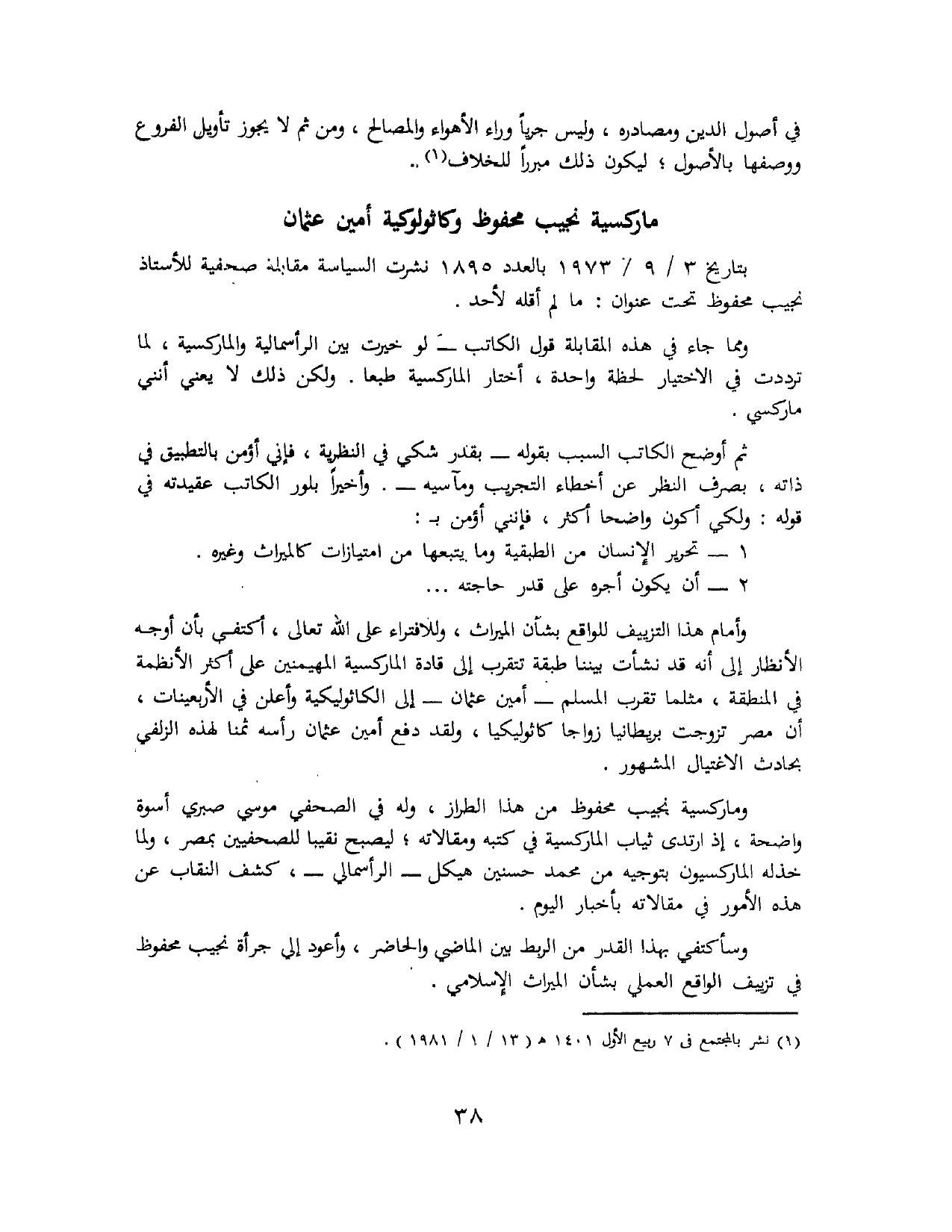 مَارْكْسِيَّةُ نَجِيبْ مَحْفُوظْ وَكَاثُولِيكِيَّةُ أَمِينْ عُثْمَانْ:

--

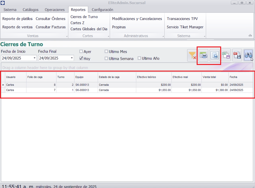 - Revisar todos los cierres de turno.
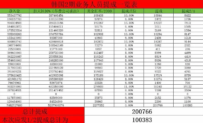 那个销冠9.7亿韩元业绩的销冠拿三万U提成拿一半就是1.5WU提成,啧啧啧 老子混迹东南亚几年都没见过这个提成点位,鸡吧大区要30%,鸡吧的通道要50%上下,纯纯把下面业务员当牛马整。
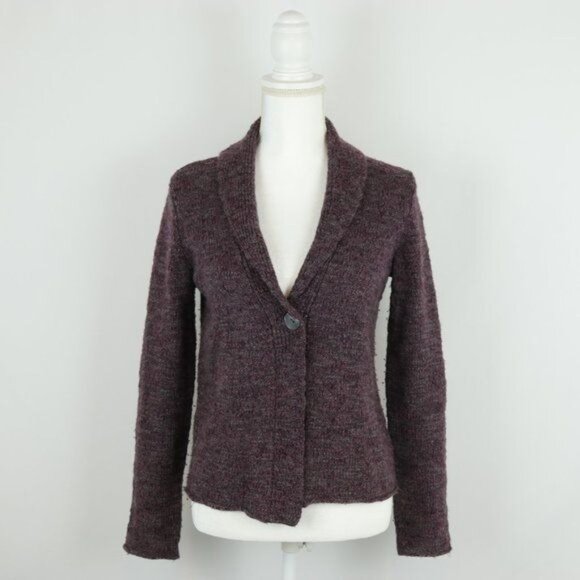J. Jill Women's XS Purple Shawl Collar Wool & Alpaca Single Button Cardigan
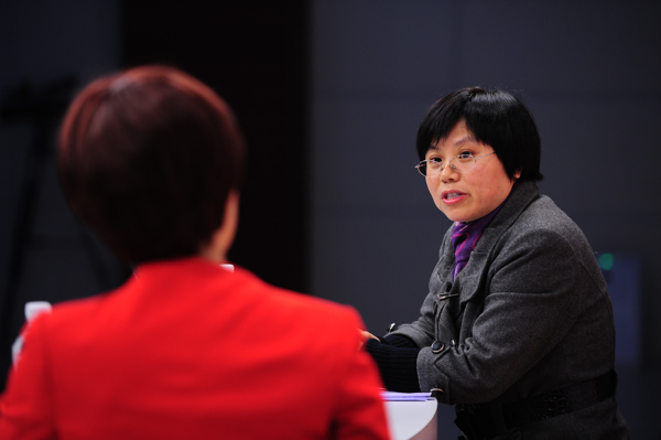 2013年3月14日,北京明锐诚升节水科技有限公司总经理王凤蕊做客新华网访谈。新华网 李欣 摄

> _TASK DETAILS_: Starting at the line that contains "那个销冠9.7亿韩元业绩的销" and ending at the line that contains "2013年3月14日,北京明锐诚升节水科技有限公司总经理王凤蕊做客新华网访谈。新华网 李欣 摄", transcribe the material above exactly, excluding pictures.

> _ANSWER SECTION_:
 那个销冠9.7亿韩元业绩的销冠拿三万U提成拿一半就是1.5WU提成,啧啧啧 老子混迹东南亚几年都没见过这个提成点位,鸡吧大区要30%,鸡吧的通道要50%上下,纯纯把下面业务员当牛马整。
J. Jill Women's XS Purple Shawl Collar Wool & Alpaca Single Button Cardigan
 2013年3月14日,北京明锐诚升节水科技有限公司总经理王凤蕊做客新华网访谈。新华网 李欣 摄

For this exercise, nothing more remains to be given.